Aim of the exercise:
Reproduce exactly only the lines from the line that holds "Michel Beaudouin ウール100%ノーカラーハーフコート/NV3" to the line that holds "The women’s finals", inclusive, in the listing below, and please leave out every picture.

Material provided:
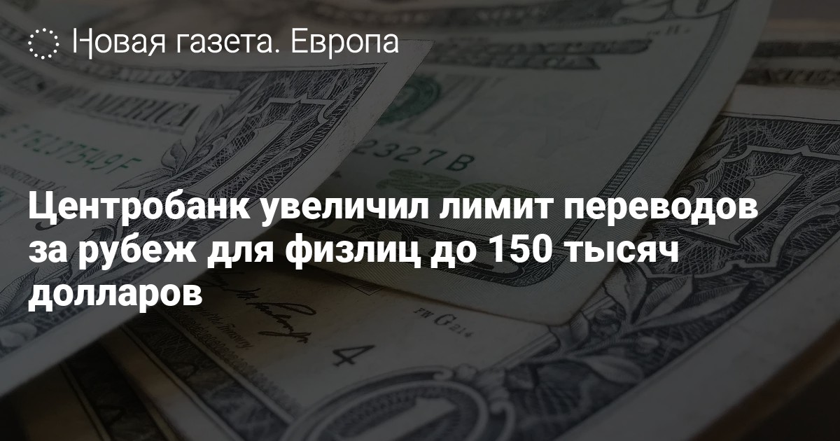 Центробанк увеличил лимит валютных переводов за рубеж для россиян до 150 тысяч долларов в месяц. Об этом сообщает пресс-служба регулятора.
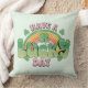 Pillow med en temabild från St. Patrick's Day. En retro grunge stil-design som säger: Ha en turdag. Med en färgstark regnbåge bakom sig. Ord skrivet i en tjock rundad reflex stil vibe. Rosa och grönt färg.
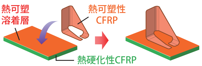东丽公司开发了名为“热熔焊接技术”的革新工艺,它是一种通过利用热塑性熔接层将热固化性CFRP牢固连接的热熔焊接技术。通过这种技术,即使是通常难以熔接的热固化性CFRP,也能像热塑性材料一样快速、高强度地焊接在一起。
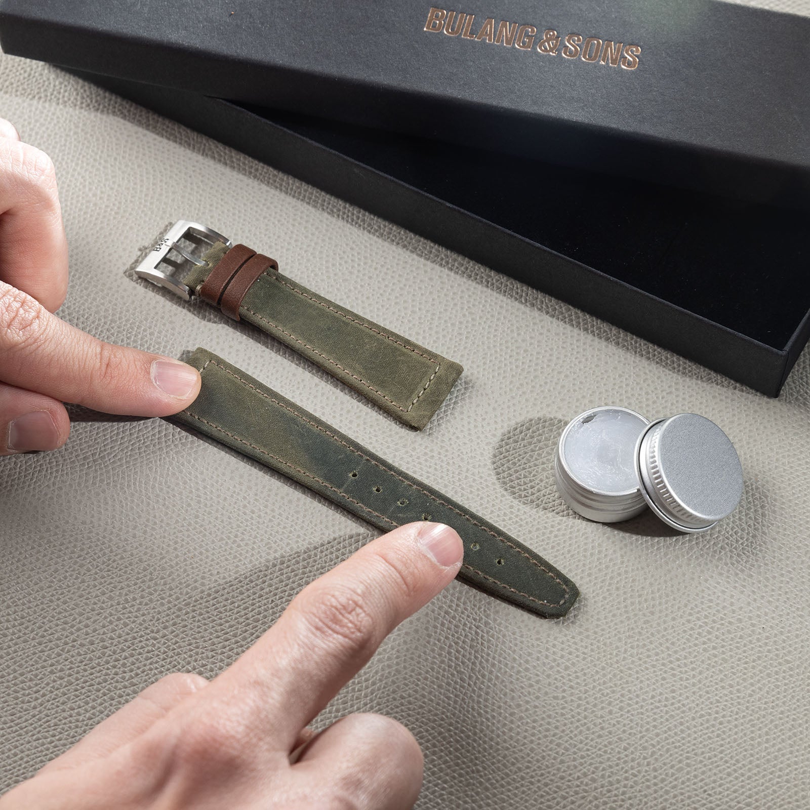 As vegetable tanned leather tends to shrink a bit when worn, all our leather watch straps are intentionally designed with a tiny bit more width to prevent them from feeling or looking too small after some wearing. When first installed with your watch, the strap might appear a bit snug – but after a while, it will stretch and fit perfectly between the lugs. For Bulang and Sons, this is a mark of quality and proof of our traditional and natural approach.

--

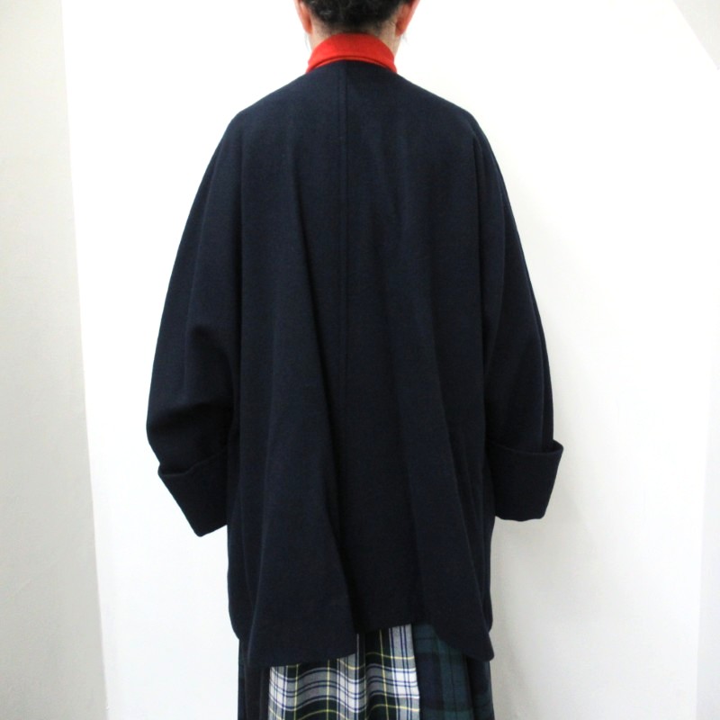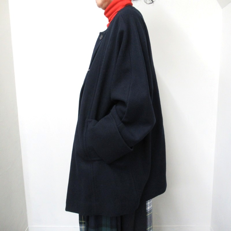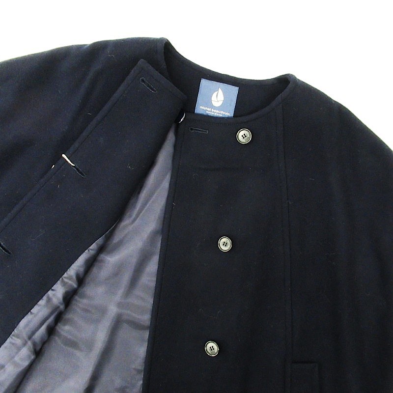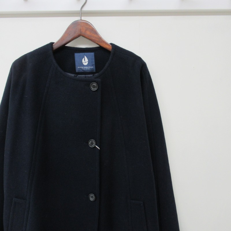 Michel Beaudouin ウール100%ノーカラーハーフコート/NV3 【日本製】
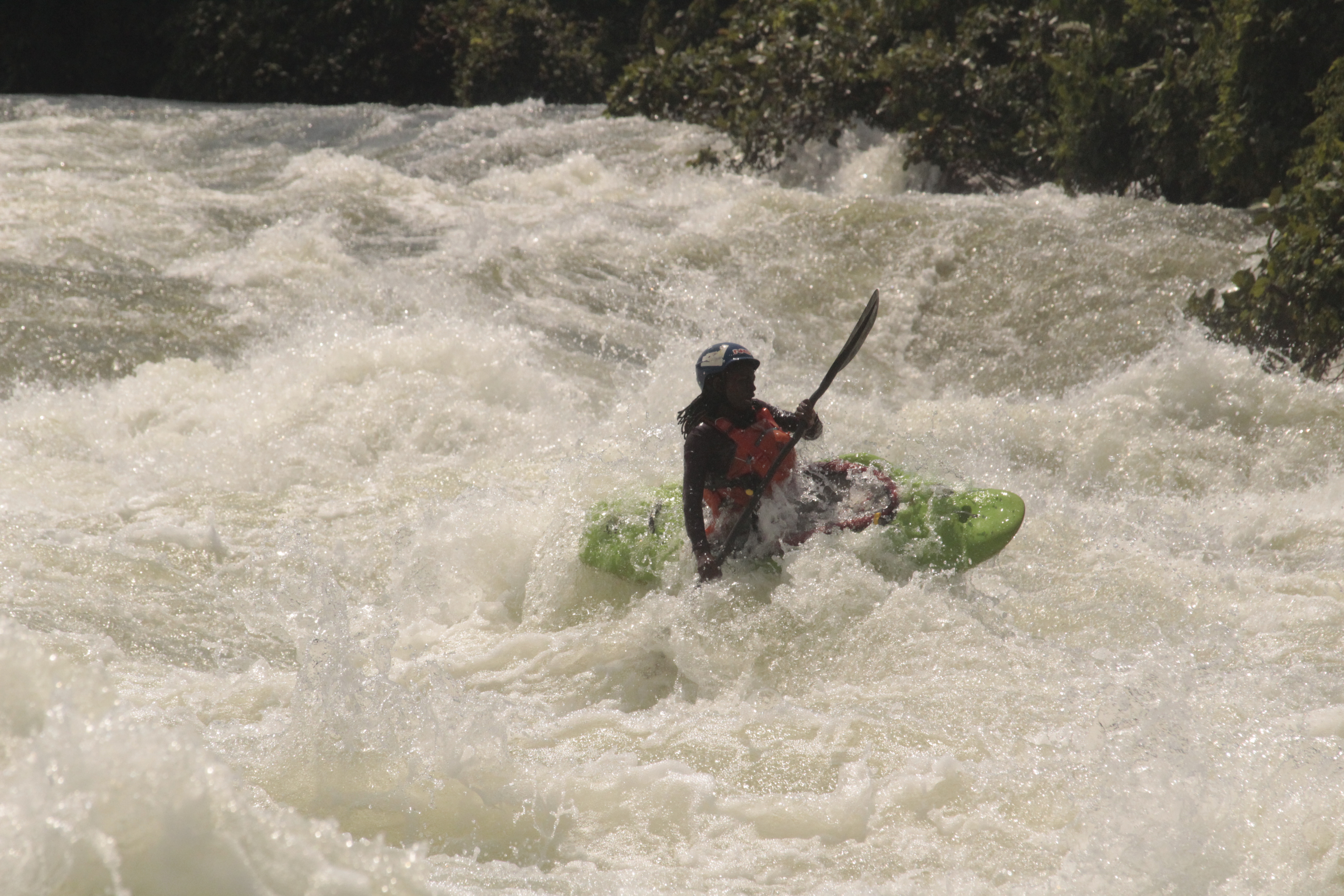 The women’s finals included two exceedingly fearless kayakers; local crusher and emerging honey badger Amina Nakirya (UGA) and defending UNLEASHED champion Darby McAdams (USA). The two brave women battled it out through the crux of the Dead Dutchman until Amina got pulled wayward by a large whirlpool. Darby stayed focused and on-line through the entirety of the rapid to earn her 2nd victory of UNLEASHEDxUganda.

...

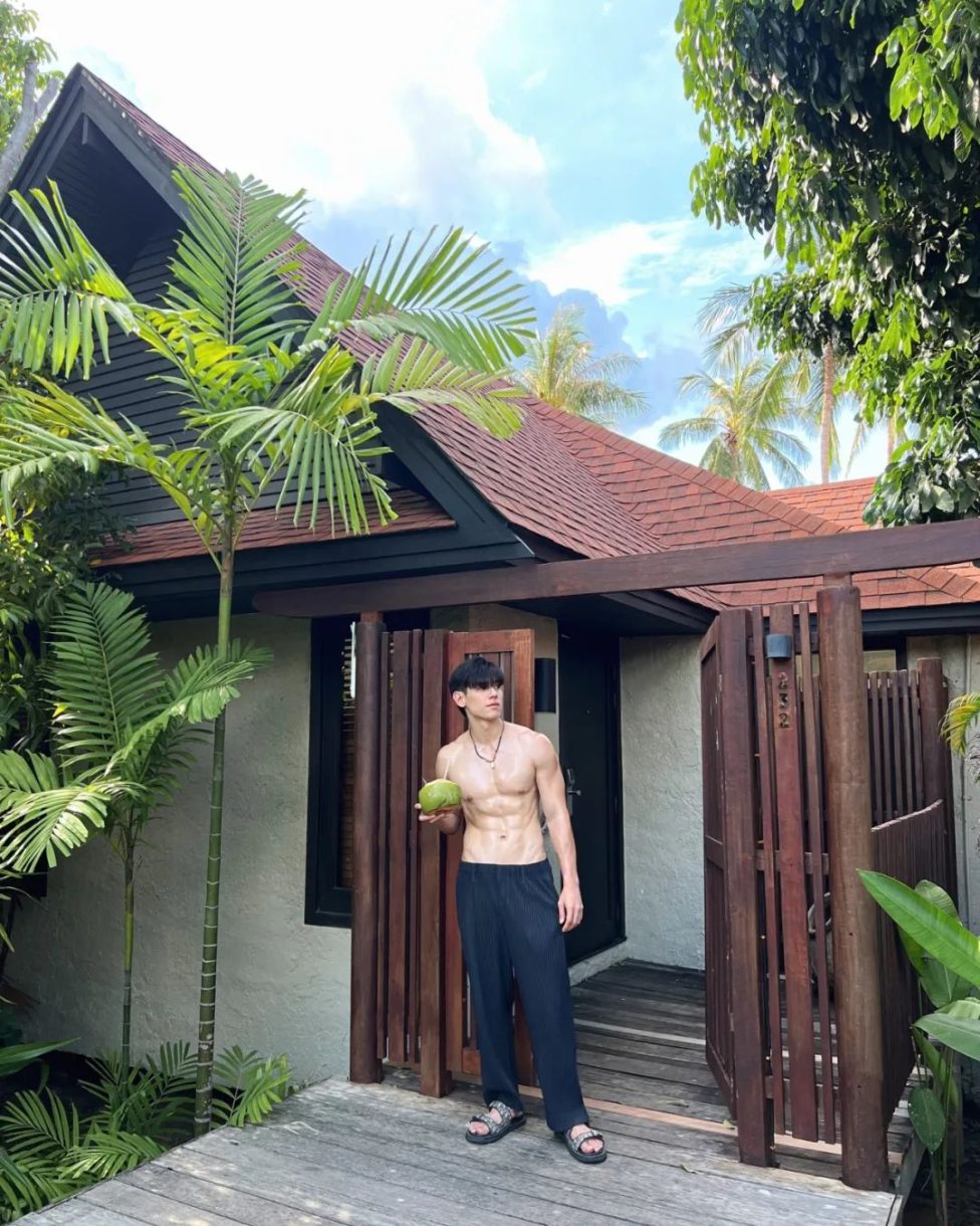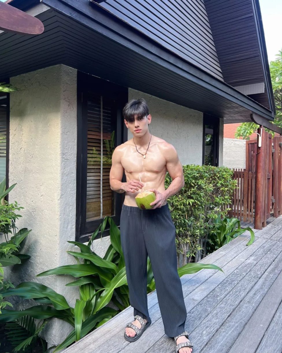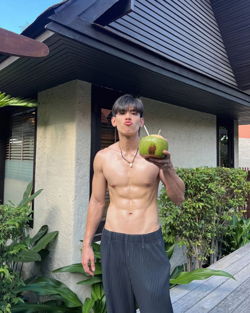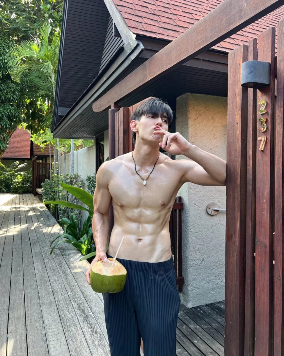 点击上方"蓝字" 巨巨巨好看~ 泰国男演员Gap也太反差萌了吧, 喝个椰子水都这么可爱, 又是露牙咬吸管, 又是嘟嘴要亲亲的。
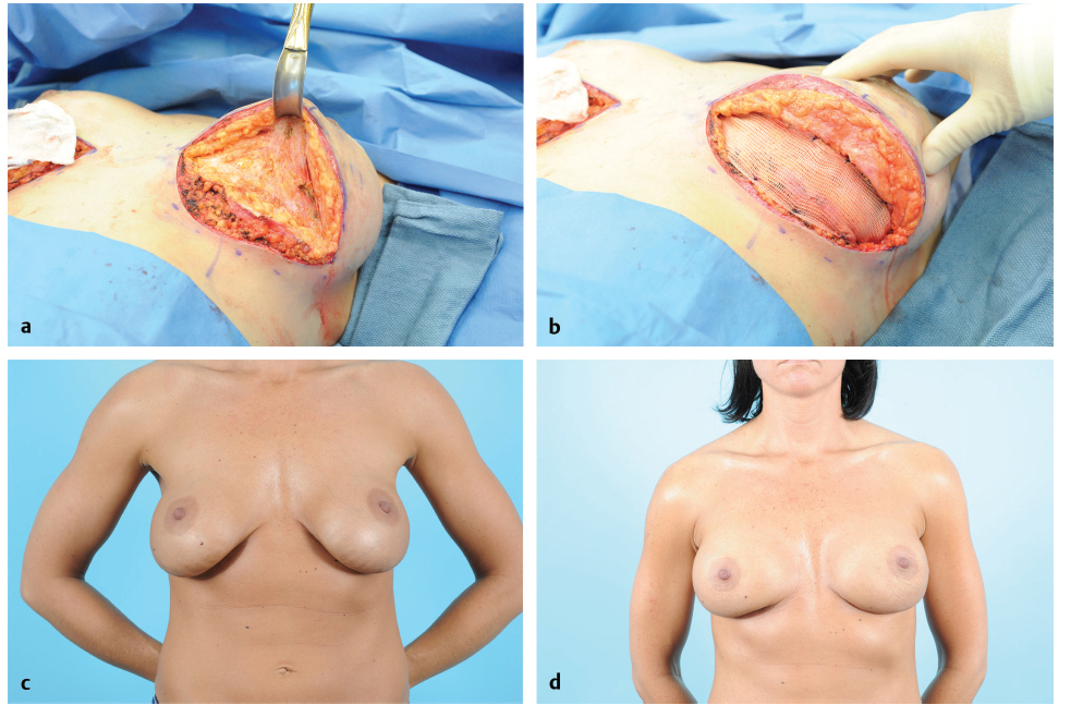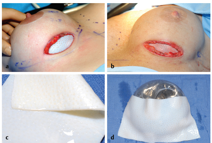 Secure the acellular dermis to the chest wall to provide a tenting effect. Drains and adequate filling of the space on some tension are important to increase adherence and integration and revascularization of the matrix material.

Expected answer:
 Michel Beaudouin ウール100%ノーカラーハーフコート/NV3 【日本製】
 The women’s finals included two exceedingly fearless kayakers; local crusher and emerging honey badger Amina Nakirya (UGA) and defending UNLEASHED champion Darby McAdams (USA). The two brave women battled it out through the crux of the Dead Dutchman until Amina got pulled wayward by a large whirlpool. Darby stayed focused and on-line through the entirety of the rapid to earn her 2nd victory of UNLEASHEDxUganda.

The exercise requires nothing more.